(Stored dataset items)

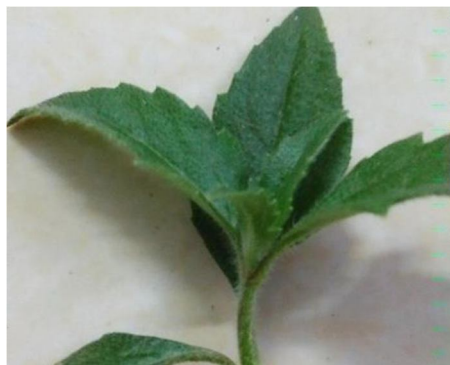
Figure: 2 . Leaves
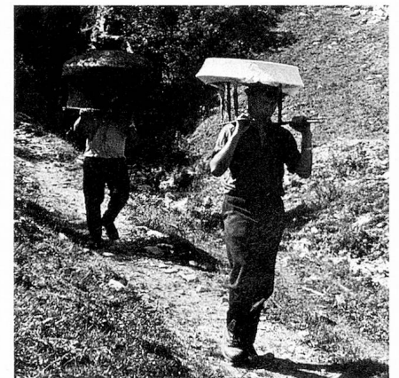
Two «armaillis» of whom the first is carrying his «demoiselle»

At first sight, there seems to be a lack of uniformity. The valley of the Veveyse inclines-almost perilously one might say – over the last hill-sides of the Lavaux, and its inhabitants go down to Vevey both to
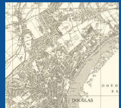
Ordnance Survey 1970's
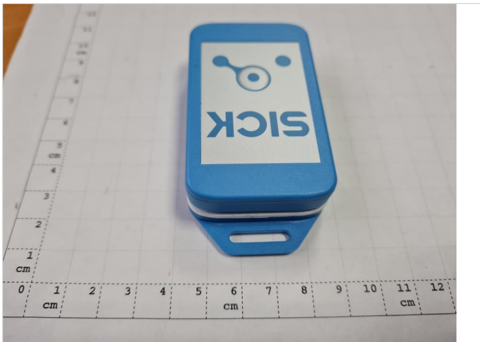
Photograph 6: EUT 01_back side view
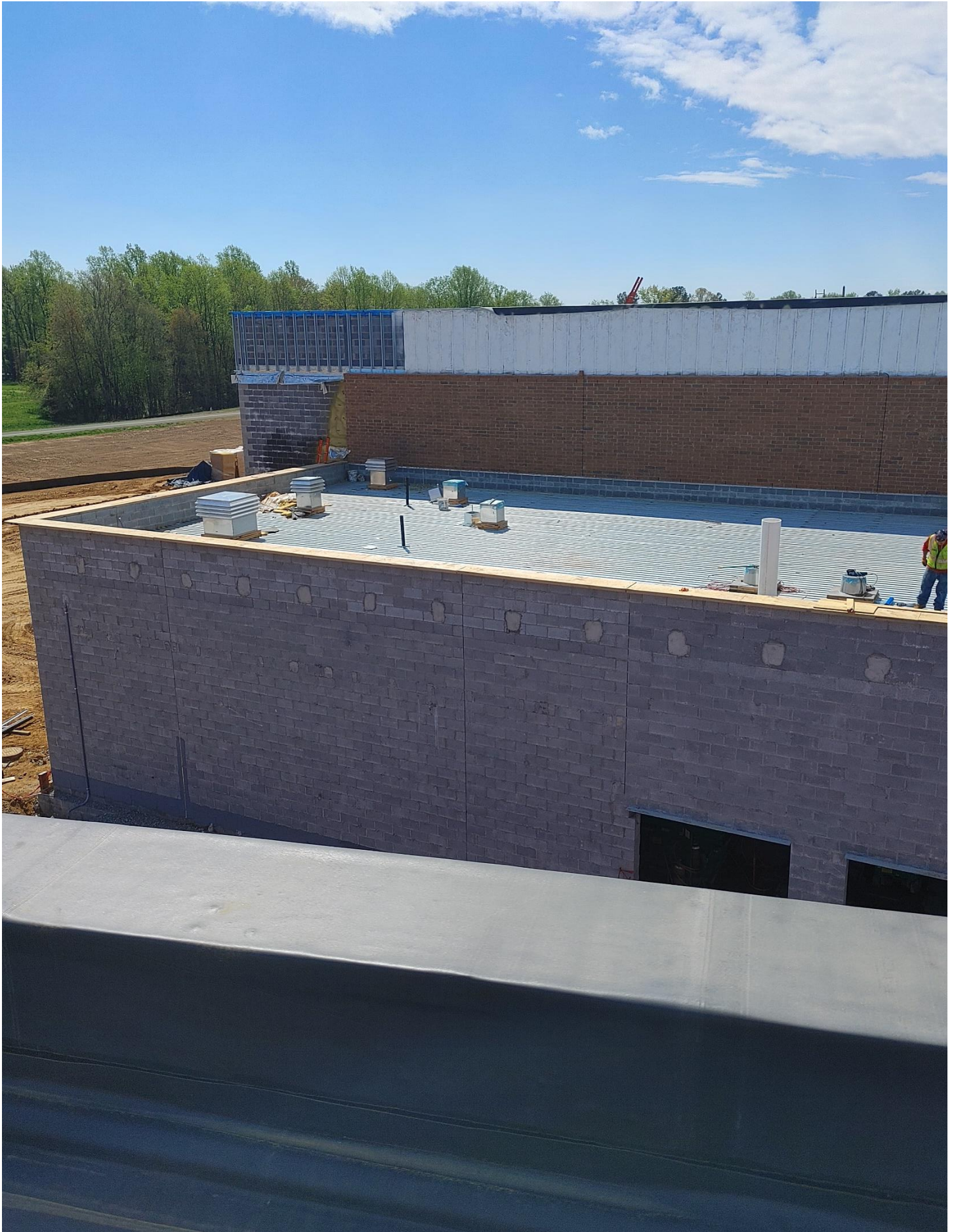
Photo 6 - Colonial Webb is setting Vent hoods and preparing to set rooftop units.
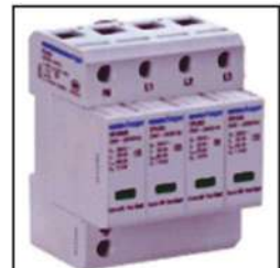
Surge Protection Devices
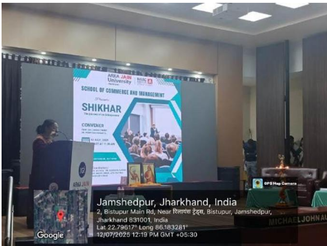
Figure 4: Photo of Faculty Member Introducing the Event
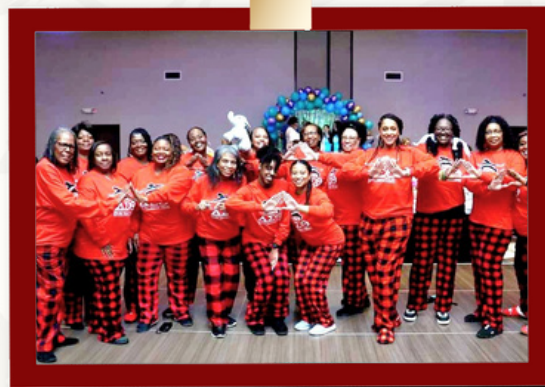
Genesis House Pajama Party
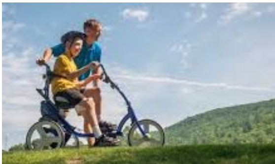
Kids Mobility Network

Charities such as these provide critical and essential programs to elevate our community's youth and to change their lives.
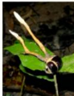
6 Cordyceps militaris [on scarab beetle]
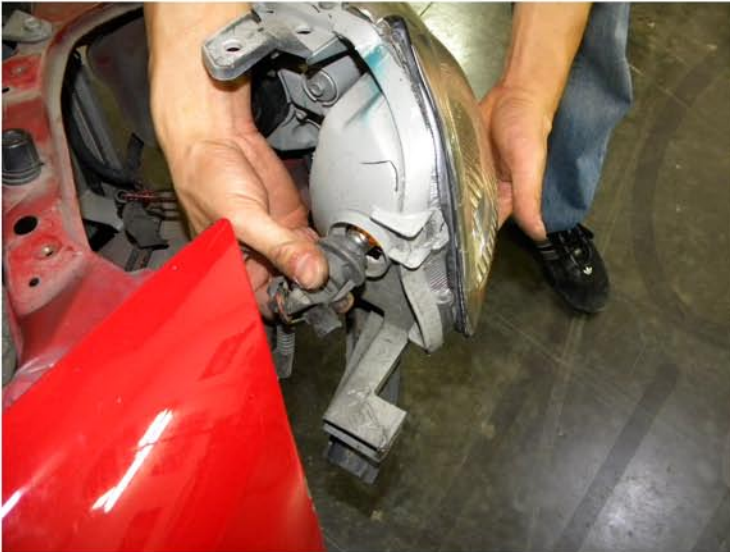
13. Unplug the light socket
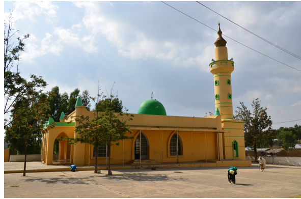
Mosque in Addis

Islam is a monotheistic religion and its followers believe in a one God. The Muslim community, or umma , uses the Arabic term for God, which is Allah. The Arabic term islam means “to submit” or “to surrender.” So a Muslim is one who submits to the will of Allah. 96 Muslims believe that Allah revealed his message to the Prophet Muhammad, a merchant who lived in Arabia from 570 to 632 C.E., through the angel Gabriel. They consider Muhammad as the last in a long line of prophets that includes Abraham, Moses, and Jesus. Allah’s message, as relayed by Muhammad, is delivered in the Quran, the sacred text of Islam. Additional doctrinal guides include the Hadith , a collection of the sayings of Muhammad, and the Sunna , which describes the practices of Islam by way of Muhammad’s example. 97
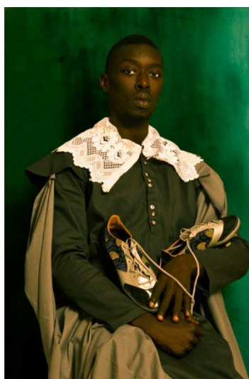
Omar Victor Diop, Juan de Pareja (1606 – 1670)
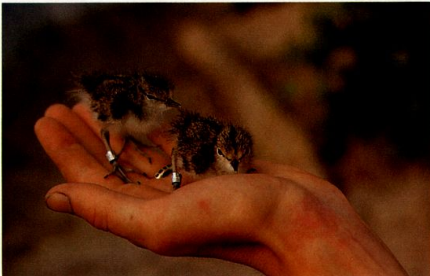
Spotted Sandpiper chicks in the hand.

This five-year project, (1981-1985), was aimed at determining the distribution of every breeding species in Ontario. Co-sponsored by the Federation of Ontario Naturalists, the project attracted 1500 volunteers, including many visitors from the United States. The atlas results are being compiled into a book, scheduled for publication in 1987, which should prove a landmark reference for both research and conservation purposes.
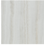
Ivory Porcelain Gres

EXERCISE REQUIREMENTS>
Every line above that includes the word "both" must appear in the answer.

OUTPUT BELOW>
At first sight, there seems to be a lack of uniformity. The valley of the Veveyse inclines-almost perilously one might say – over the last hill-sides of the Lavaux, and its inhabitants go down to Vevey both to
This five-year project, (1981-1985), was aimed at determining the distribution of every breeding species in Ontario. Co-sponsored by the Federation of Ontario Naturalists, the project attracted 1500 volunteers, including many visitors from the United States. The atlas results are being compiled into a book, scheduled for publication in 1987, which should prove a landmark reference for both research and conservation purposes.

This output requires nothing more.